After an hour or two, the powder seemed completely dry, and I used the Stanley blade to gather up this power into a pile. Just to be doubly safe, I mixed this pile of dry powder for while, using the Stanley blade.
So now I had 1250 mg of a perfectly mixed inositol + dermorphin powder combination. I placed this powder mixture in a small container for storage.
To administer dermorphin to myself intranasally, I just weighted out 25 mg of this powder mixture (I have a digital scales that measures down to 1 mg), and snorted it up the powder using a wide drinking straw. This 25 mg of powder mixture gives me a dose of 100 mcg of dermorphin.
Speculation on the Mechanism of Action of Dermorphin as a ME/CFS Treatment
Dermorphin's half life is extremely short: 1.3 minutes (ref:
1), so this drug will be pretty much completely out of your system 15 minutes after administering it. Yet from my observations it was clear that dermorphin created some potent, unequivocal effects that lasted up to 4 days after taking it. So somehow dermorphin is precipitating some long-term actions in the body, even though dermorphin completely leaves the body within 15 minutes.

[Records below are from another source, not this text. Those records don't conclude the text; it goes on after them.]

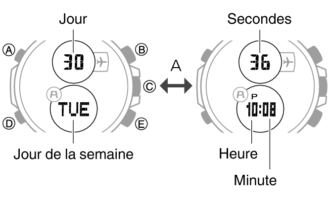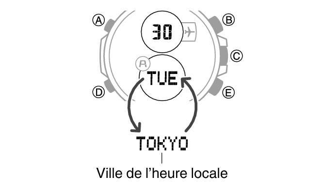 En mode Indication de l’heure, vous pouvez effectuer l’opération suivante pour modifier le contenu des affichages numériques.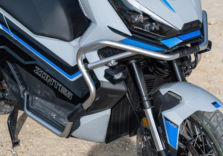颜色方面,Zontes原厂提供机架灰 (Grey,Blue),珍珠白 (White,Gold) 以及金石绿 ( Golden Stone Green) 三种车身配色。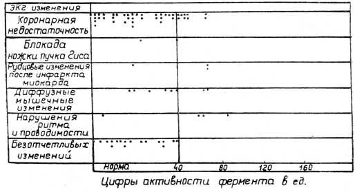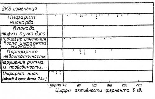 У больных стенокардией, а также инфарктом миокарда, поступивших в сроки более 7 дней с момента болевого приступа, при получении цифр активности, не превышающих нормальные, повторные исследования проводились не всегда и главным образом — при появлении повторного приступа болей. Если цифры активности превышали норму, то исследование проводилось повторно — от 2 до 4 раз.

One speculative explanation I have for the long-term action of dermorphin in the body is based on the fact that opioids modulate NMDA receptor-mediated neurotransmission:
this study indicates that morphine alters NMDA receptor-mediated neurotransmission in the nucleus accumbens, and these effects persist one week after morphine withdrawal. So morphine can create NMDA receptor effects in the brain that persist many days after the drug has left the body.

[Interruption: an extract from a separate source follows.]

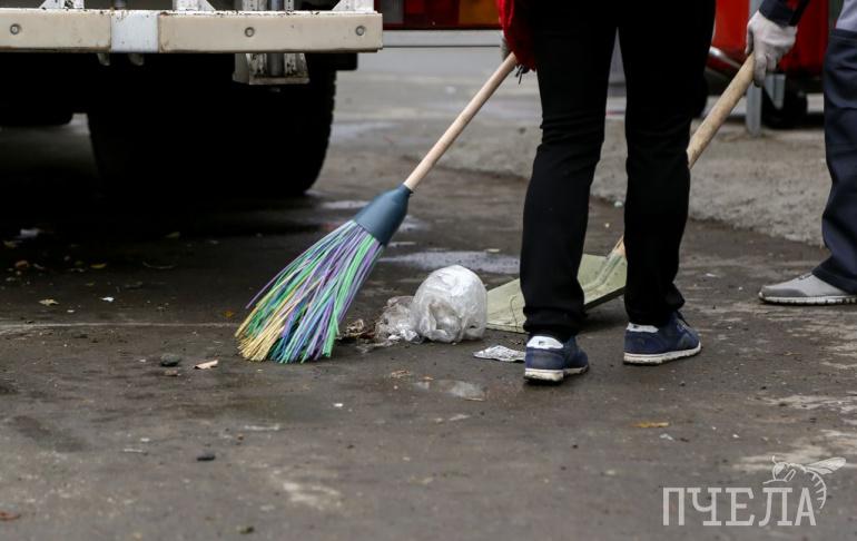 После погрузки мусора в машины рабочие убирают оставшиеся отходы

Note that chronic NMDA receptor overstimulation is thought to play a role in chronic fatigue syndrome; thus the fact that opioids drugs exhibit NMDA receptor effects may help explain why these drugs benefit ME/CFS.

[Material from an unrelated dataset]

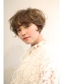 頭を小さく見せるコンパクトなショートパーマです。顔まわりはマッシュに切り込み耳周りはすっきり見えるようにカットしています。優しい還元力にエアウエーブの熱の力を使ってかけているので手触りが良いのが特徴です。

Indeed, many ME/CFS patients have observed that mu-opioid pain relieving drugs such as oxycodone and hydrocodone noticeably reduce their neurological ME/CFS symptoms (see this thread
here); so this beneficial effect is not unique to dermorphin, and this means that some of the benefits of dermorphin / kambo might conceivably be obtained by taking other opioids such as oxycodone, hydrocodone or morphine.